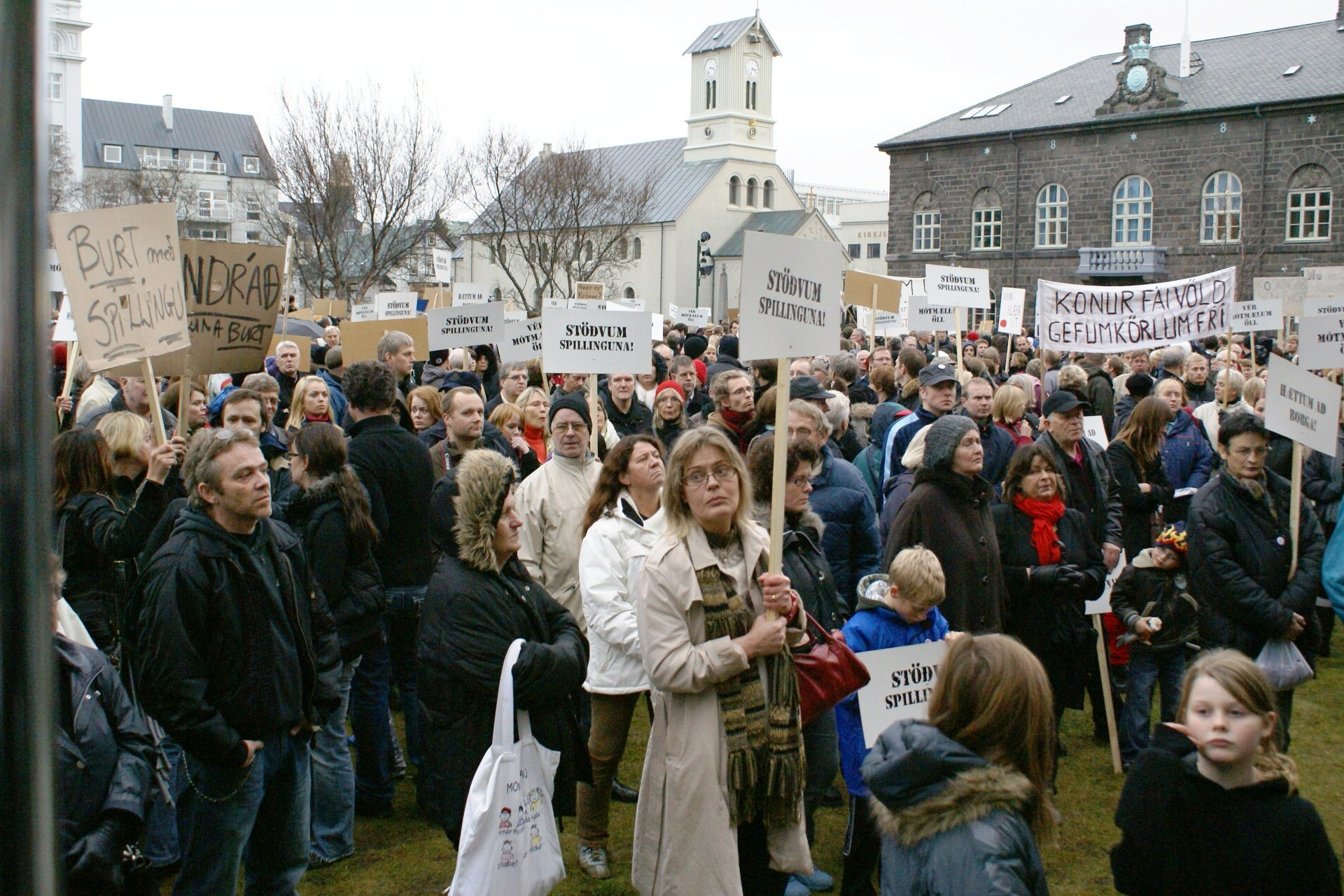 Week 5. Protesting at Austurvöllur.The Kitchenware-Revolution in Iceland was organize by Hördur Torfason and "Raddir Fólksins". It started in the wake of the collapse of the banking system followed be the decimation of Icelandic economy in the beginning of October 2008. It resulted in the resignation of Geir H. Haarde and his cabinet on January 26. 2009.The protest meetings were held every Saturday at the Austurvöllur square in front of Alþingishús - the Icelandic parliament house. The first meeting (week 1) was dated Saturday 11. October 2008. The 16th meeting dated January 24. 2009
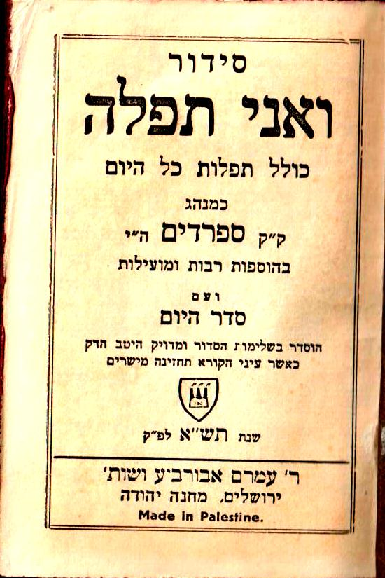 Siddur V'Ani Tefilah Rabbi Amram Aburbeh & Co. Jerusalem, Mahane Yehudah 1941. The siddur includes all Tefilot prayers Sepahrdic communities tradition. Made in Palestine.
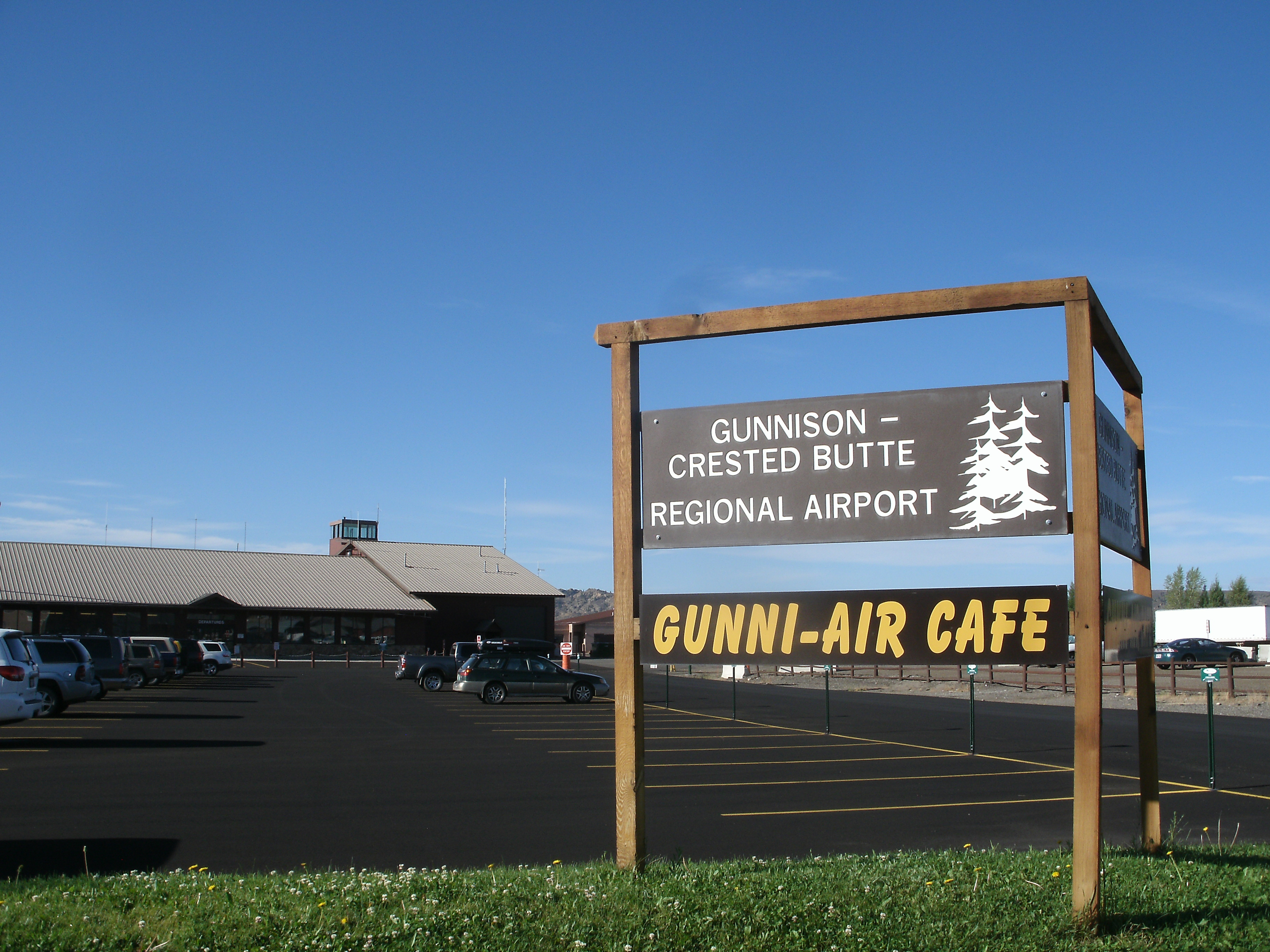 Photo of Gunnison-Crested Butte Regional Airport with sign in front and control tower behind building.

**Exercise:** Could you print the material above word for word and skip the images?

**Result:**
 Week 5. Protesting at Austurvöllur.The Kitchenware-Revolution in Iceland was organize by Hördur Torfason and "Raddir Fólksins". It started in the wake of the collapse of the banking system followed be the decimation of Icelandic economy in the beginning of October 2008. It resulted in the resignation of Geir H. Haarde and his cabinet on January 26. 2009.The protest meetings were held every Saturday at the Austurvöllur square in front of Alþingishús - the Icelandic parliament house. The first meeting (week 1) was dated Saturday 11. October 2008. The 16th meeting dated January 24. 2009
 Siddur V'Ani Tefilah Rabbi Amram Aburbeh & Co. Jerusalem, Mahane Yehudah 1941. The siddur includes all Tefilot prayers Sepahrdic communities tradition. Made in Palestine.
 Photo of Gunnison-Crested Butte Regional Airport with sign in front and control tower behind building.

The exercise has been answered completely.